Статьи, которые здесь переиздаются, как и выработка самого подхода, обретшего в итоге название «казусного»44, создавались Ю. Л. в ситуации эмоционально двойственной. С одной стороны, это был период его творческого подъема и вдохновения, попросту счастья от найденного нового — в контексте тогдашней отечественной историографии — ракурса взгляда на прошлое. Этот радостный подъем был, конечно, важной частью общего ощущения свободы — свободы мысли, слова, общения, наступившей после падения советского строя, частью всего того, что теперь стало принято называть «надеждами 90-х». С другой стороны, предлагавшийся подход вызывал скепсис, а то и резкое неприятие большой части коллег-сверстников. На Ученом совете Института всеобщей истории, где утверждали к печати первый выпуск альманаха (к печати должны были утверждаться все издания, выходившие под институтским грифом), не только планировавшаяся книжка, но и само обращение к «уникальному и индивидуальному в истории» подверглись резкой критике. Особенно горьким было то, что критиками выступали не (только) те люди, от которых «три мушкетера» новой исторической науки в Советском Союзе — А. Я. Гуревич, Л. М. Баткин и Ю. Л. Бессмертный — привыкли ждать идеологических заграждений45, но и один из них самих, А. Я. Гуревич, причем он был особенно категоричен. Подходы, введенные Гуревичем за 20–25 лет до того в отечественное историографическое пространство в остром противостоянии официальному советскому марксизму, а именно историю ментальностей (со временем переосмысленную как историческая антропология, или антропологически ориентированная история), Ю. Л. и сам долгое время разделял и всячески пропагандировал; соратников связывала, как долгое время казалось, и тесная личная дружба. Л. М. Баткин на том Ученом совете промолчал, о чем впоследствии упоминал с сожалением в частных беседах, отмечая, что Гуревич был решительно не прав.
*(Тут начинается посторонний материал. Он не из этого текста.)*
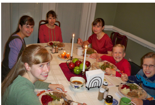
Thanksgiving Dinner 2017

Greetings from North Carolina in the name of our Lord Jesus Christ! We're pleased to share with you what the Lord has been doing in our lives and ministry.
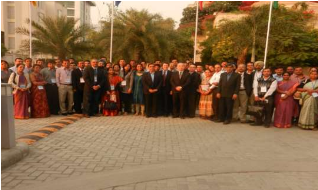
Figure 1. Group Photograph of Participants of Epilepsy School

Epilepsy Video Presentation Quiz by faculty, Benign epilepsy syndromes, Treatment decisions, When to stop AEDs? Non-epileptic paroxysmal, Morbidity & mortality in epilepsy, Epilepsy surgery, Video and case presentations by the faculty and delegates.
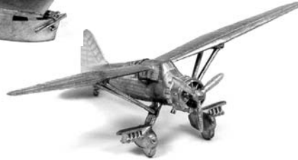
Westland Lysander AC116 2/pk $11.95
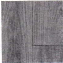
Laurel Oak 51942P Parquetry
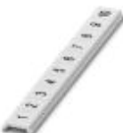
Zack Marker strip, flat, Strip, white, labeled, printed horizontally: consecutive numbers 1 ... 10, 11 ... 20, etc. up to 491 ... 500, mounting type: snap into flat marker groove, for terminal block width: 5 mm, lettering field size: 5.15 x 5.15 mm

Zack Marker strip, flat - ZBF 5,LGS:FORTL.ZAHLEN - 0808671
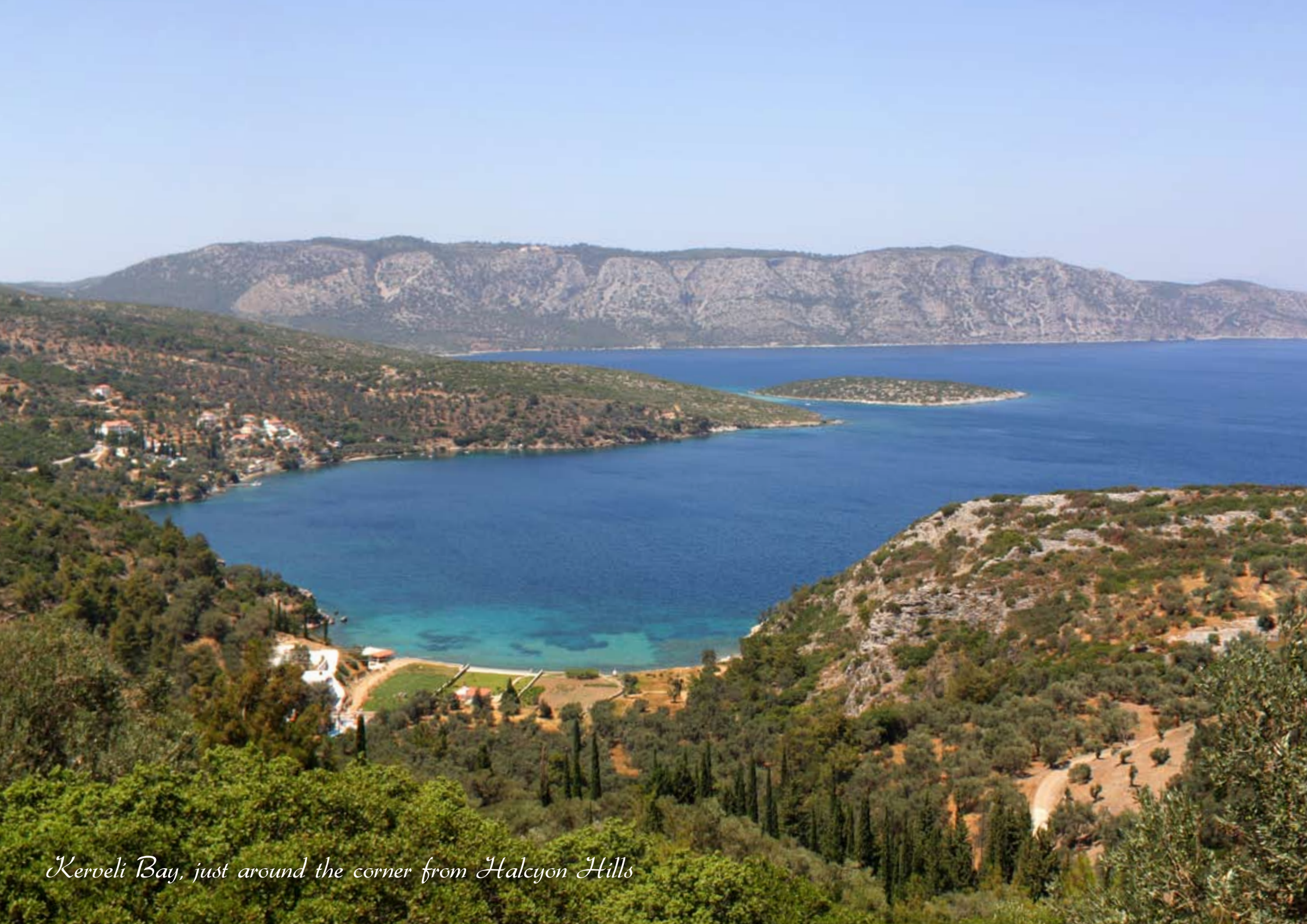
Kervoeli Bay, just around the corner from Halcyon Hills
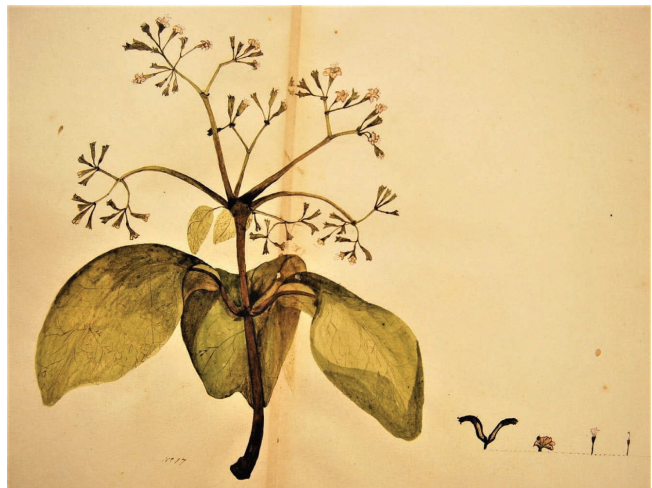
Fig. 4. No. 17 Pisonia brunoniana Endl. (Nyctaginaceae).

This is the second watercolour of this tree in the series; the other is Drawing No. 3. The two illustrations are similar and show the stems, leaves, small flowers and developing fruit; No. 3 is the better painting.
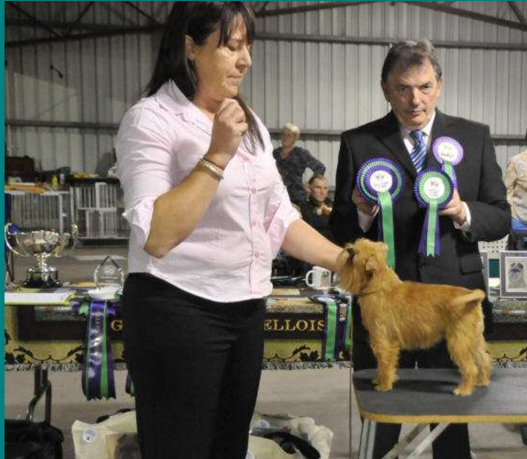
Reserve Bitch CC & Best Junior in Show

1st No 23 WITCHGRIFF MISS PEBBLES R/R Lovely body shape, short and compact, nicely rounded in rib, strong level topline with high set tail, nice neck giving good head carriage. Lovely size to head, neat well carried ears dark expressive eyes of good size and broad well turned up underjaw. Harsh well prepared coat and nicely balanced action on the move.
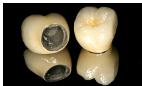
Fig. 6 Final restorations at the laboratory after contouring, texturizing, and glazing.
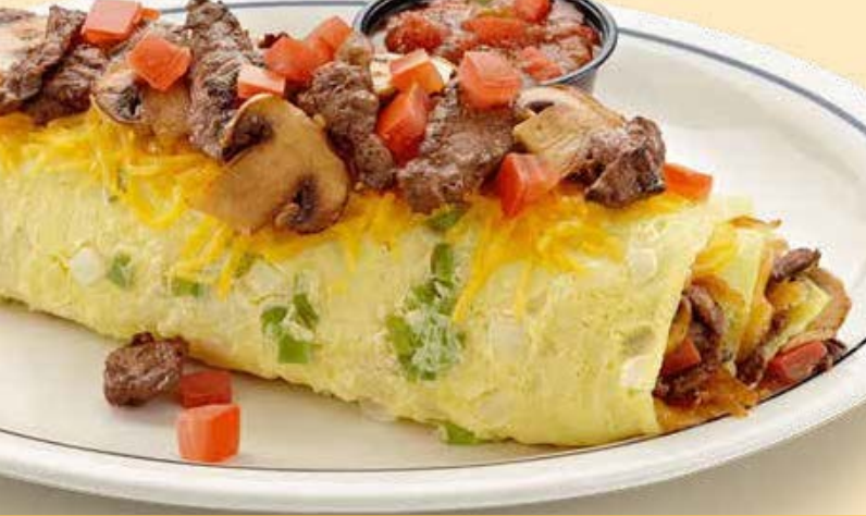
Big steak omelet at IHOP
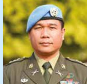
COLONEL ORIEL PANGCO

“UNMOGIP being one of the smallest peacekeeping operations, our footprint is proportionate when it comes to environmental impact. However, when it comes to the environment, no action is small. It is the individual and collective responsibilities that bring change to saving our environment. Our collective actions on the environment as small missions together with those of big missions can become a global driver of change.”

Я упоминаю об этом конфликте, начавшемся за несколько лет до рождения «Казуса» и для Ю. Л. крайне болезненном, вовсе не для того, чтобы предложить здесь нарратив героического противостояния автора «казусной идеи» новой ортодоксии. Речь идет о том, с какими именно позициями и в какой эмоциональной обстановке ему приходилось спорить, а тем самым и разрабатывать детали и расставлять акценты. Отвержение бывшего друга требовало ответа; поддержка второго радовала, но шла как-то «по касательной». Мнения обоих этих ученых, как и других историков, принадлежавших неофициальной культуре в СССР, вместе с которыми Ю. Л. прошел большую часть научной жизни, оставались для него весьма значимыми — рядом с новыми его собеседниками, тогдашним молодым поколением отечественных историков, медиевистов в частности, немалое число которых привлек предлагавшийся подход46. Отечественную русскоязычную аудиторию он видел основным своим адресатом, несмотря на «взрыв» в 1990-е гг. контактов с коллегами за рубежом, особенно во Франции, Германии, США47.

Чтобы шире представить себе контекст полемики, стоит вспомнить, что вопросы о роли индивидуального в истории возникли в творчестве Ю. Л. отнюдь не спонтанно, не на «голом месте». Особенную роль тут сыграло направление исследований, разрабатывавшееся им в 1980-е гг., которое он называл «новой исторической демографией» (или «антропологически ориентированной исторической демографией»), видя в ней важное направление внутри «новой исторической науки» и именуя ее по аналогии с этой последней48. Речь шла о том, чтобы, «разговорив» совершенно не характерные для традиционной демографии источники «достатистической эпохи» (которая обычные демографические источники предоставить попросту не могла), анализируя преимущественно «историко-культурный дискурс», исследовать «ментальные и поведенческие стереотипы, позволяющие выявить принятые нормы и реальную практику демографического поведения». За этим стояла еще более широкая и концептуальная задача превратить демографическую историю в «один из интегрирующих ракурсов исторического анализа в целом»49. Это достигалось изучением взаимодействия в демографической сфере (то есть во всем, что касалось рождения, детства, брака, семьи — жизни и смерти), с одной стороны, массовых представлений, с другой — социального поведения, с третьей — «объективных процессов», «макроусловий», «социальных структур»50. Здесь отчетливо отражалось стремление Ю. Л. сочетать «культурологический» и «социологический» ракурсы исторического исследования, ярко и влиятельно противопоставленные в знаменитой статье Л. М. Баткина (однако, как увидим, совсем иначе, чем это противопоставление осмыслялось в итальянской микроистории, о чем мы читали позже у Симоны Черутти)51, иными словами, изучать соотношение сферы духовной жизни (представлений, «картины мира») и социальных практик. Речь шла тем самым о поисках «исторического синтеза» — «вечной проблемы исторической науки», устремление к которому как конечной цели исторического исследования было характерно для историков этой волны в то время52.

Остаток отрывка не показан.